> **EXERCISE OBJECTIVE**
Set down, word for word, only the lines from the start of the records through the line bearing "Kids Toys 253"; include no pictures.

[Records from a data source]
──────────────────────────────

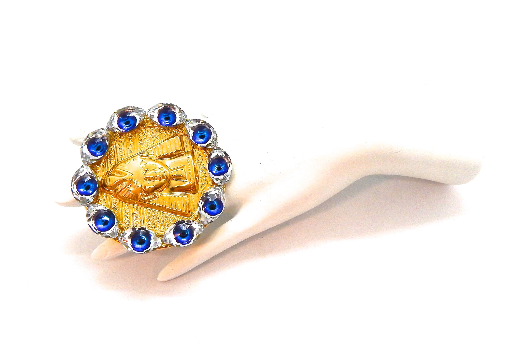 EGYPTIAN GOLD EYE OF GOD MEDALLION RING
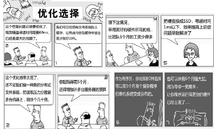 身为程序员的我看到这个漫画感到很沮丧,因为我们被机器打败了。但是这个漫画同时提醒了做软件的程序员,软件的性能其实和硬件有着不可分割的关系,也许我们碰到的存储问题不一定是由我们的程序产生的,而是因为好的炮弹装进了一个老旧过时的大炮里,最后当然我们会感到炮弹的威力没有达到我们的预期。除此之外了,也有可能我们的程序设计本身没有有效的利用好已有的资源,所以在前文里我提到如果我们知道存储的瓶颈问题将会是网站首先发生问题的地方,那么在数据库建模时候我们要尽量减轻数据库的计算功能,只保留数据库最基本的计算功能,而复杂的计算功能交由数据访问层完成,这其实是为解决瓶颈问题打下了一个良好的基础。最后我想强调一点,作为软件工程师经常会不自觉地忽视硬件对程序性能的影响,因此在设计方案时候考察下硬件和问题场景的关系或许能开拓我们解决问题的思路。
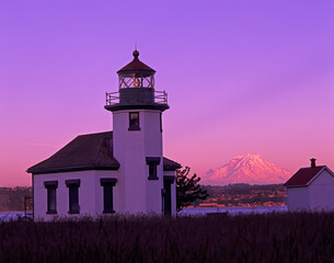Washington State, Maury Island, Point Robinson Lighthouse, established 1885, built 1915, with Mt. Rainier
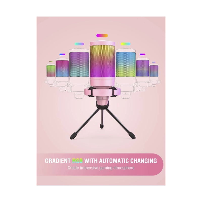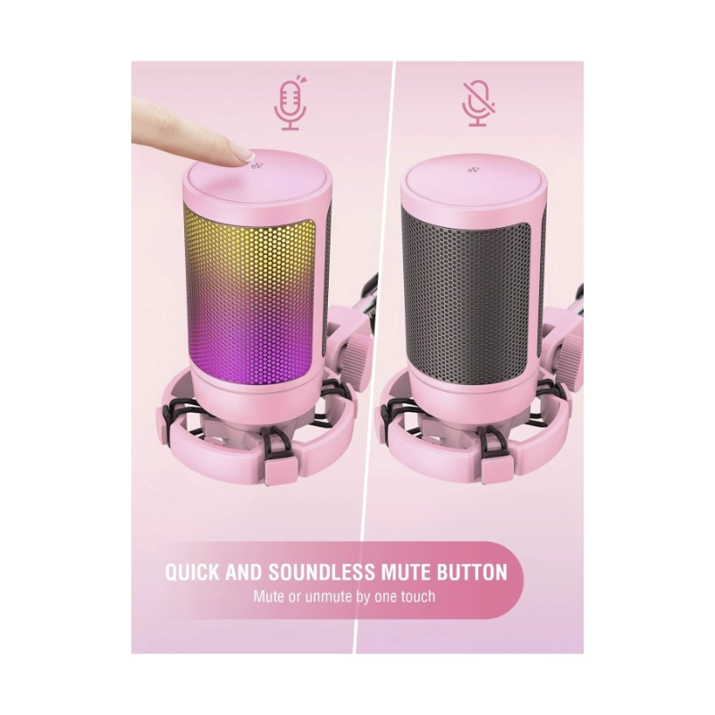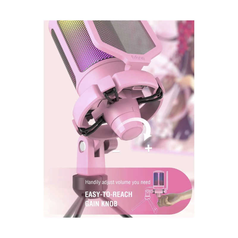 Microfono Fifine Am8 Ampligame (Am8-p) Rosado, Boton De Silencio, Soporte De Escritorio, Cable Usb-c/xlr, Led-rgb
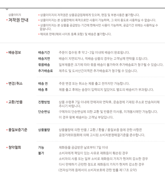 배송지역 및 주문수량에 따라 반품비가 추가될 수 있습니다.
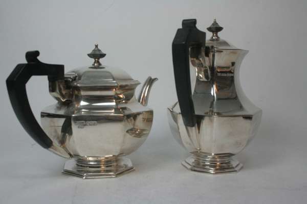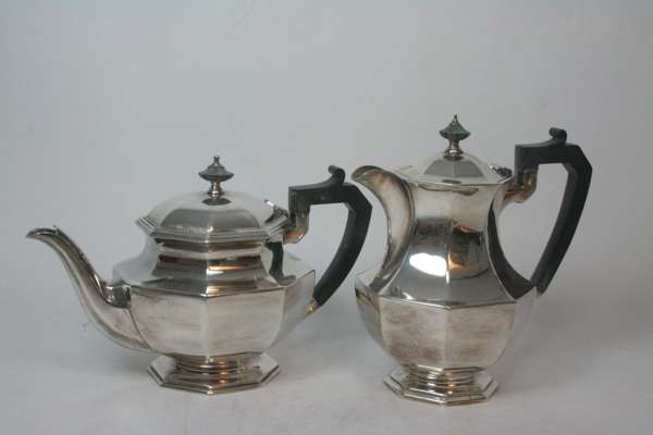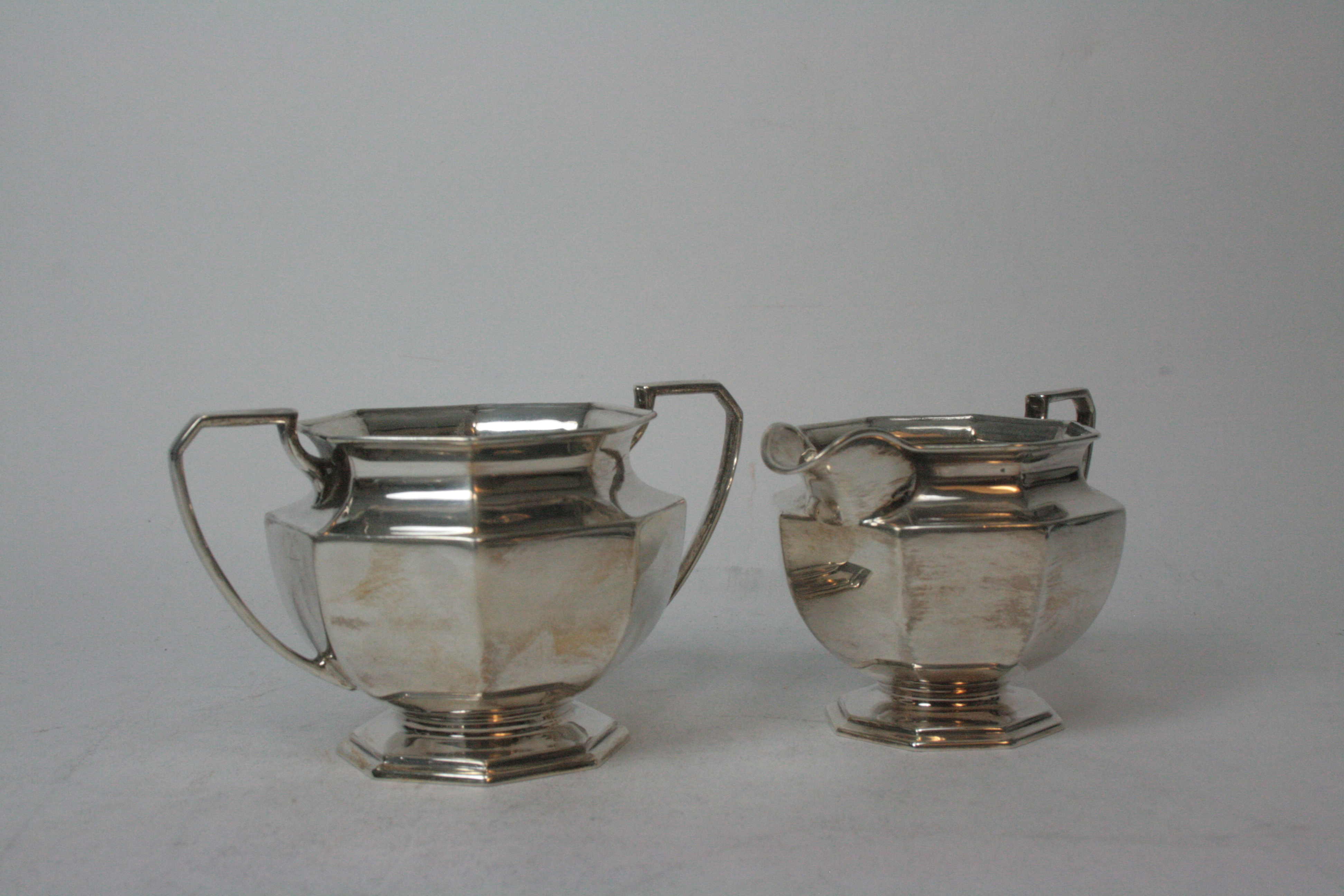 Sheffield 1931, of panelled octagonal form, angular handles, comprising: tea pot, water pot, sugar and cream
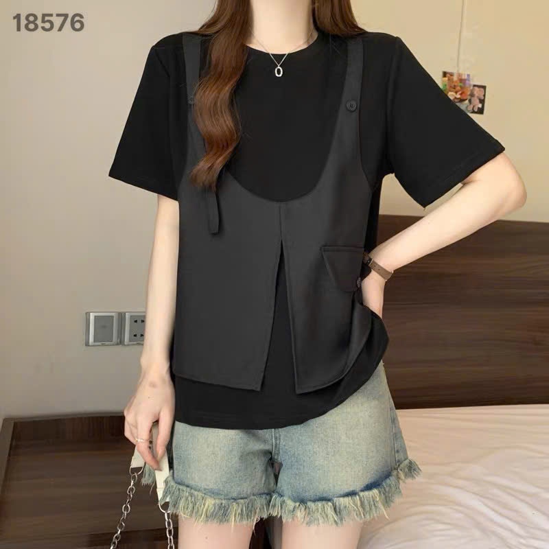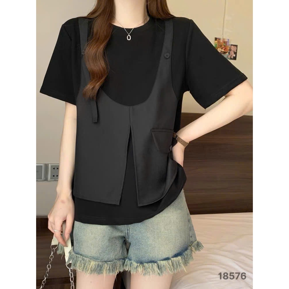 ✔ Áo thun BIGSIZE QCCC kiểu phối ghile thời trang sang trong thun co giãn -18576
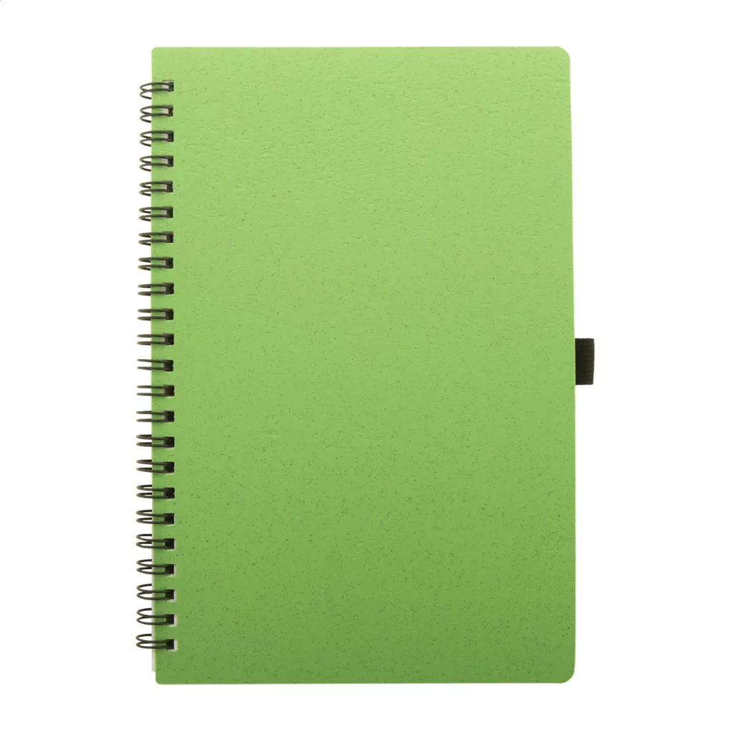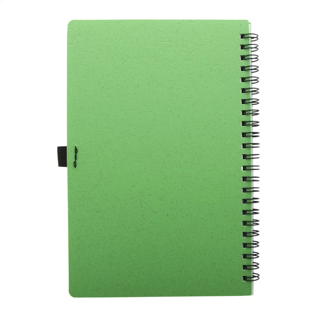 Ökológiai búzaszalma műanyag borítású spirál jegyzetfüzet újrahasznosított papírból készült 70 vonalas lappal és tolltartóval, A5 méret.
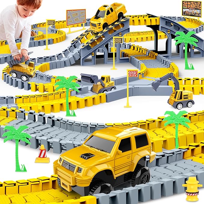 Kids Toys 253 PCS Construction Toys Race Tracks Toy for 3 4 5 6 7 8 Year Old Boys Girls
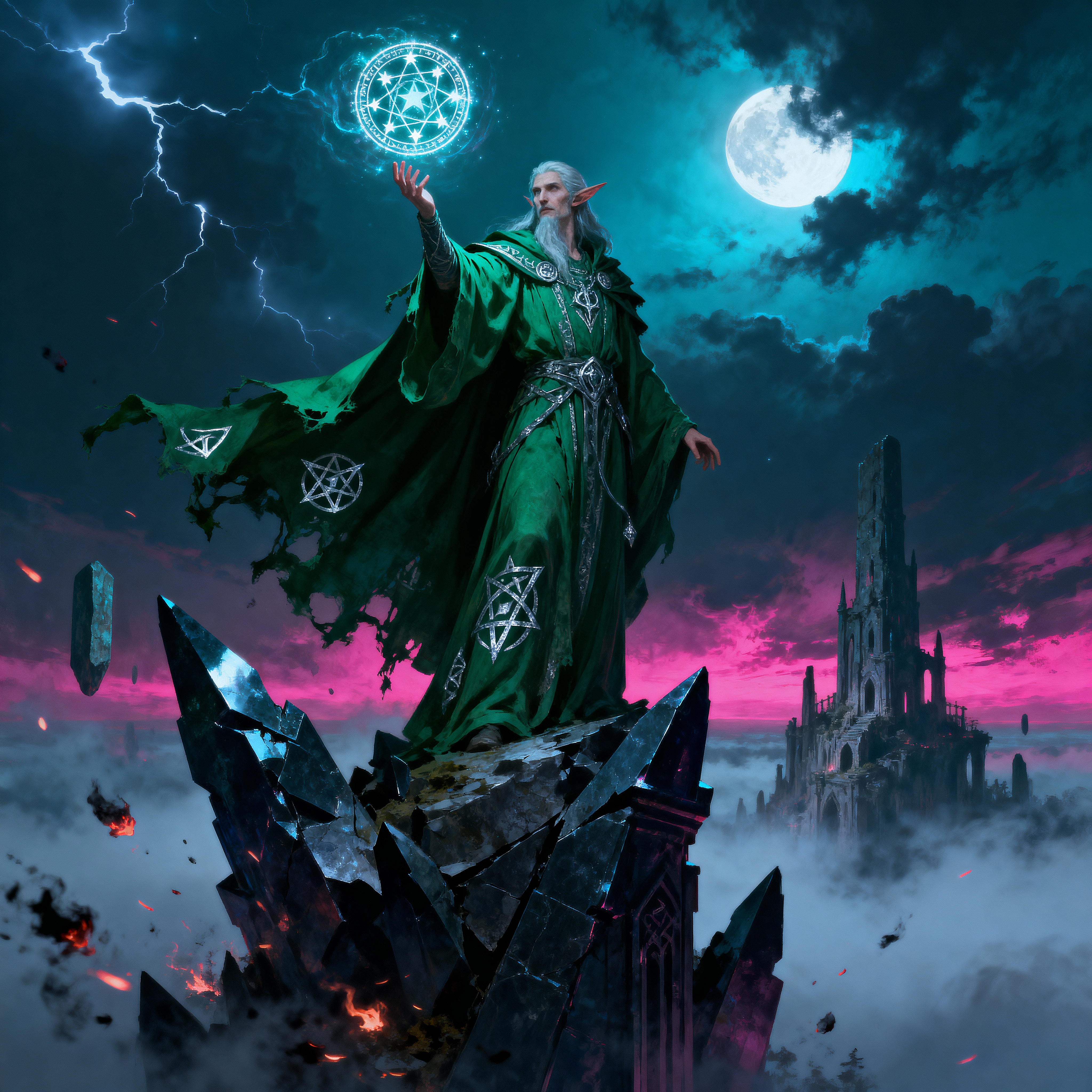 painterly dark fantasy illustration, ancient elven archmage NPC standing atop a broken obsidian spire, one hand raised commanding a swirling ring of runes and starlight, tattered emerald robes etched with silver sigils, moonlit ruined city sinking into mist below, distant floating monoliths, sharp rim light from a crack in storm clouds above, drifting arcane embers and falling ash, solemn and intimidating mood of cosmic authority, deep teal and emerald contrasted with violent magenta and cold moon-blue, ultra-detailed fabrics and stone textures, subtle chromatic aberration, high-resolution digital painting realism
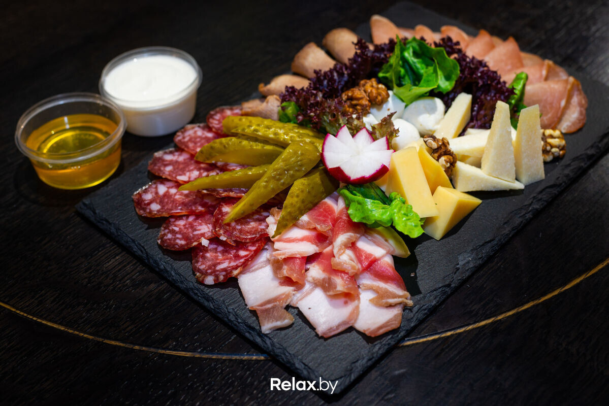 Плато мясо+сыр (390) — 24 руб. (Сыр Голландский, сыр Моцарелла, сыр Пармезан, грудинка соленая, язык отварной, полендвица с/к, колбаса с/к, огурец консервированный, мед, грецкий орех, салат листовой, соус хрен/сметана)

──────────────────────────────

> **OUTPUT BELOW**
 EGYPTIAN GOLD EYE OF GOD MEDALLION RING
 身为程序员的我看到这个漫画感到很沮丧,因为我们被机器打败了。但是这个漫画同时提醒了做软件的程序员,软件的性能其实和硬件有着不可分割的关系,也许我们碰到的存储问题不一定是由我们的程序产生的,而是因为好的炮弹装进了一个老旧过时的大炮里,最后当然我们会感到炮弹的威力没有达到我们的预期。除此之外了,也有可能我们的程序设计本身没有有效的利用好已有的资源,所以在前文里我提到如果我们知道存储的瓶颈问题将会是网站首先发生问题的地方,那么在数据库建模时候我们要尽量减轻数据库的计算功能,只保留数据库最基本的计算功能,而复杂的计算功能交由数据访问层完成,这其实是为解决瓶颈问题打下了一个良好的基础。最后我想强调一点,作为软件工程师经常会不自觉地忽视硬件对程序性能的影响,因此在设计方案时候考察下硬件和问题场景的关系或许能开拓我们解决问题的思路。
Washington State, Maury Island, Point Robinson Lighthouse, established 1885, built 1915, with Mt. Rainier
 Microfono Fifine Am8 Ampligame (Am8-p) Rosado, Boton De Silencio, Soporte De Escritorio, Cable Usb-c/xlr, Led-rgb
 배송지역 및 주문수량에 따라 반품비가 추가될 수 있습니다.
 Sheffield 1931, of panelled octagonal form, angular handles, comprising: tea pot, water pot, sugar and cream
 ✔ Áo thun BIGSIZE QCCC kiểu phối ghile thời trang sang trong thun co giãn -18576
 Ökológiai búzaszalma műanyag borítású spirál jegyzetfüzet újrahasznosított papírból készült 70 vonalas lappal és tolltartóval, A5 méret.
 Kids Toys 253 PCS Construction Toys Race Tracks Toy for 3 4 5 6 7 8 Year Old Boys Girls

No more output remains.